## Exercise requirements
Please produce a character-exact copy of the listing that follows, omitting all images.

## Collected material

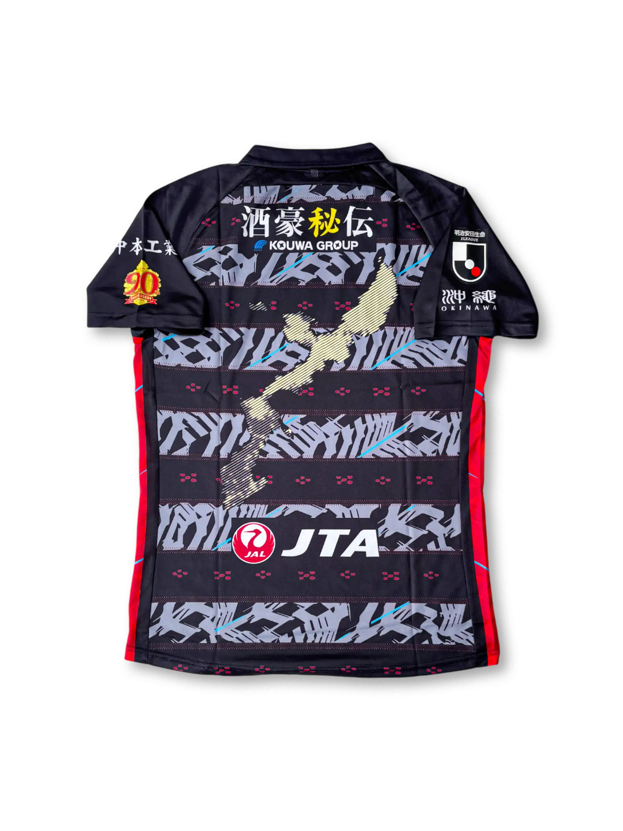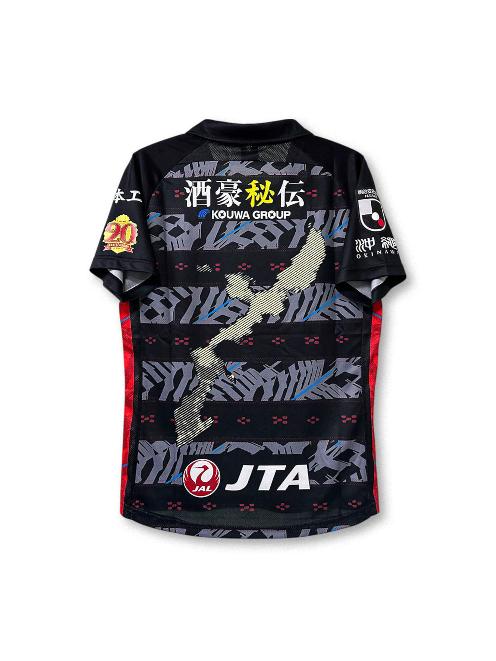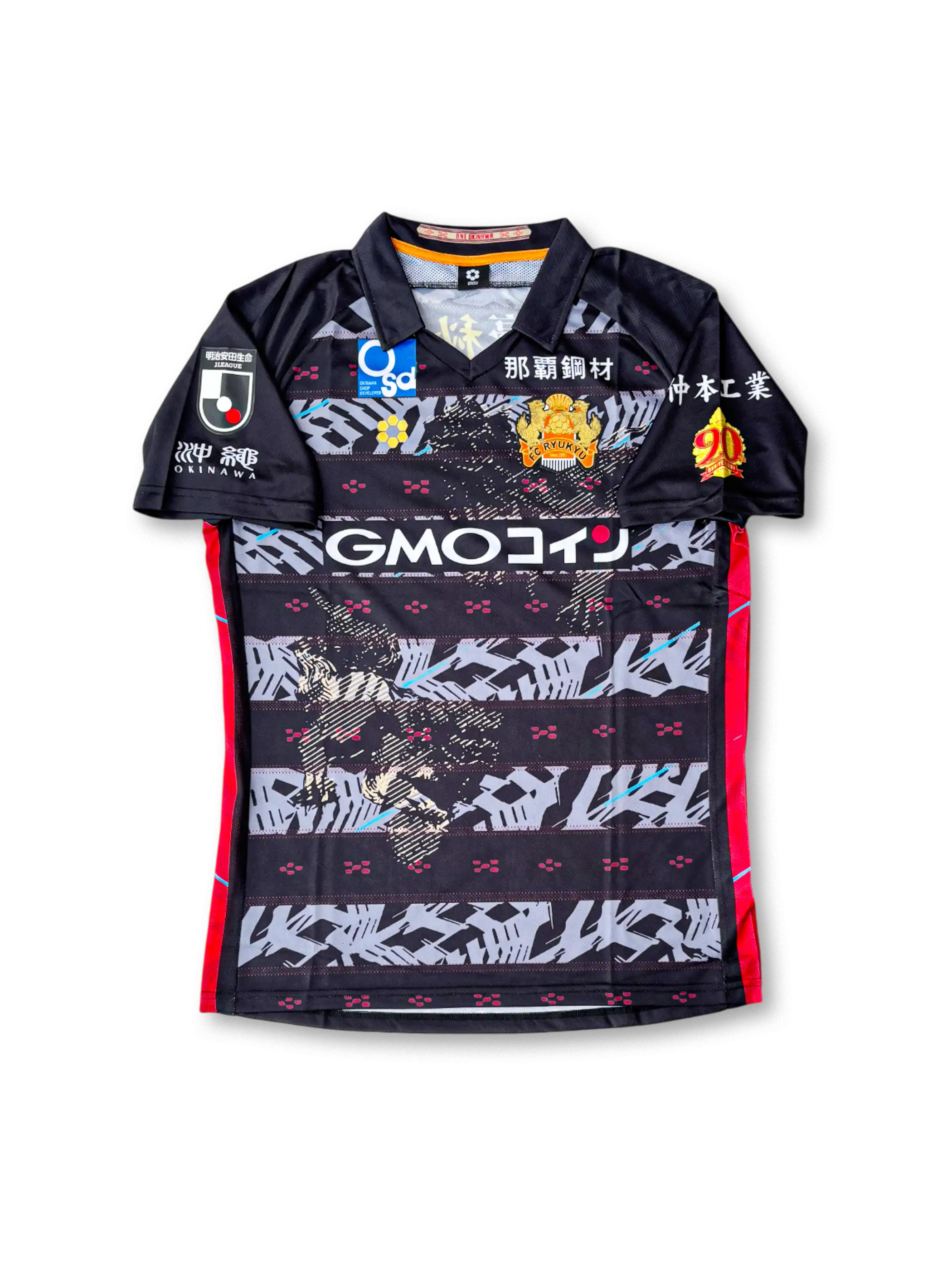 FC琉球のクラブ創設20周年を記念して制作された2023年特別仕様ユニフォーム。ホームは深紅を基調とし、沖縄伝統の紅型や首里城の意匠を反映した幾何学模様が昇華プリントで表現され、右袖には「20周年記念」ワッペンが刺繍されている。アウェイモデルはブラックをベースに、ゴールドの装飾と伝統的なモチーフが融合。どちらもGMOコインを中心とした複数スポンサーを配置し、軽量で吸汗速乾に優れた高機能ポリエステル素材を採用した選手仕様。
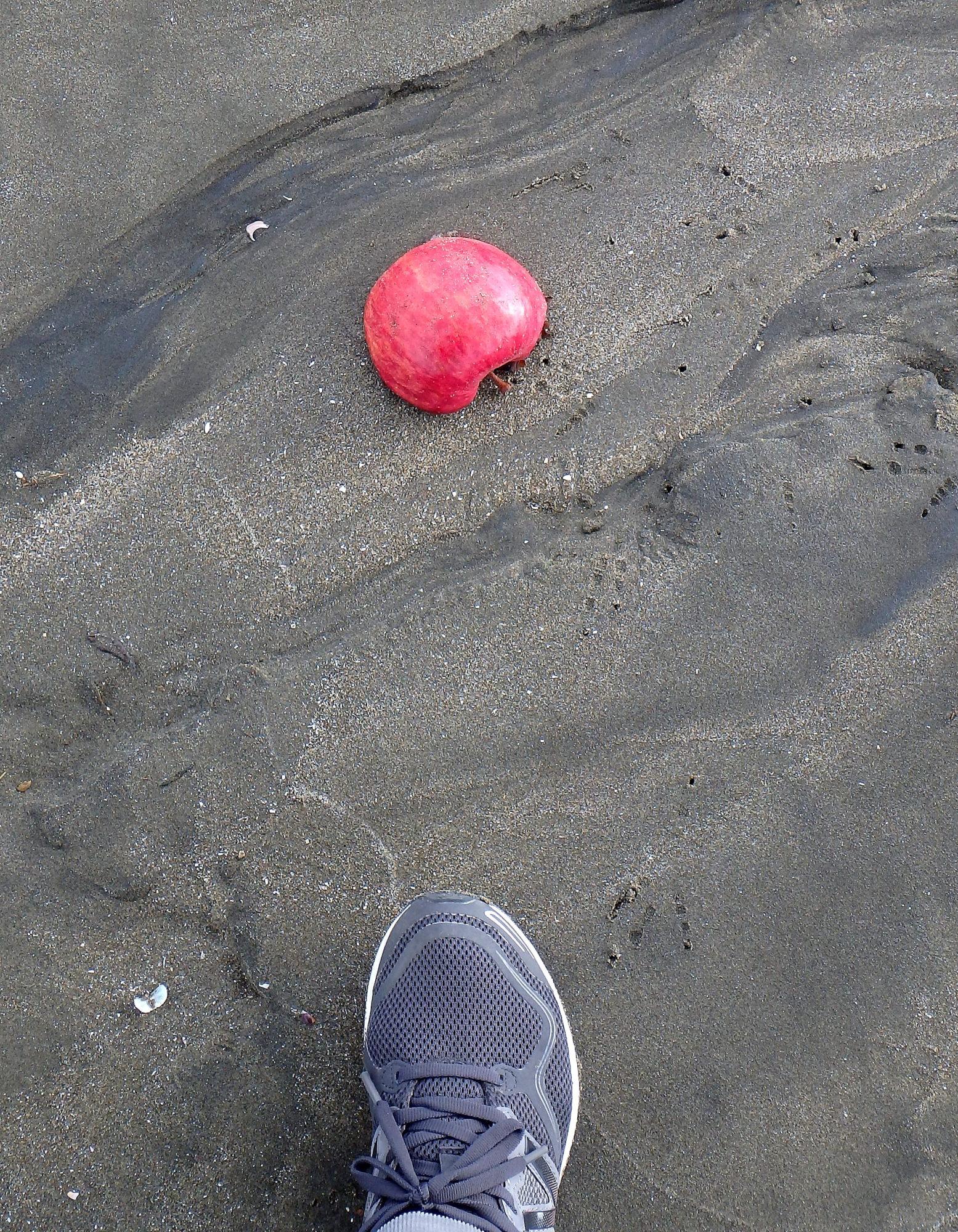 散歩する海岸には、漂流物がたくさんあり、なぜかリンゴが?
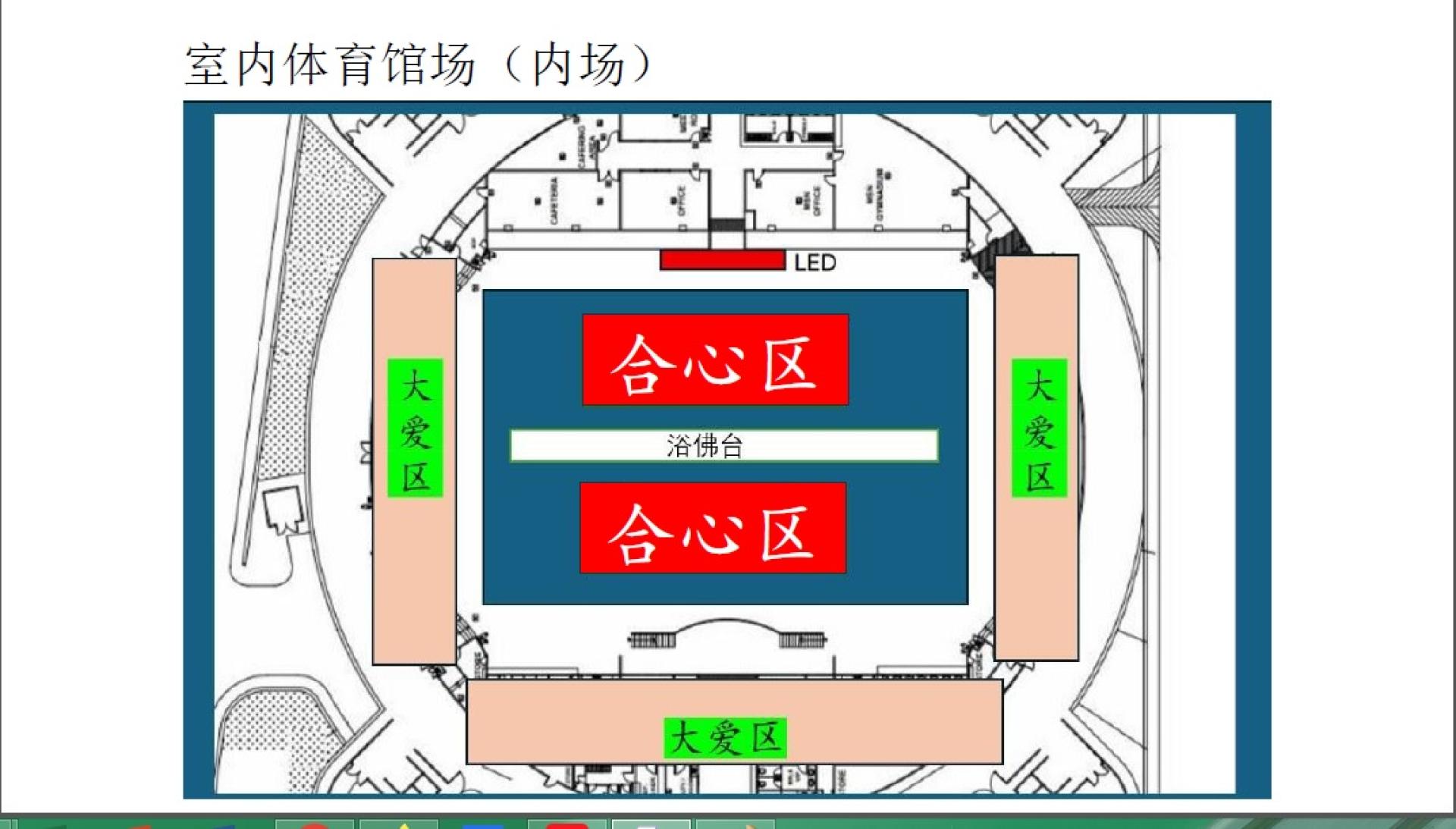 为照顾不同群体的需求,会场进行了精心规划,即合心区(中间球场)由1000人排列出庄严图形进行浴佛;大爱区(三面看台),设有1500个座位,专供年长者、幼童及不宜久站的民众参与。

## Task response
 FC琉球のクラブ創設20周年を記念して制作された2023年特別仕様ユニフォーム。ホームは深紅を基調とし、沖縄伝統の紅型や首里城の意匠を反映した幾何学模様が昇華プリントで表現され、右袖には「20周年記念」ワッペンが刺繍されている。アウェイモデルはブラックをベースに、ゴールドの装飾と伝統的なモチーフが融合。どちらもGMOコインを中心とした複数スポンサーを配置し、軽量で吸汗速乾に優れた高機能ポリエステル素材を採用した選手仕様。
 散歩する海岸には、漂流物がたくさんあり、なぜかリンゴが?
 为照顾不同群体的需求,会场进行了精心规划,即合心区(中间球场)由1000人排列出庄严图形进行浴佛;大爱区(三面看台),设有1500个座位,专供年长者、幼童及不宜久站的民众参与。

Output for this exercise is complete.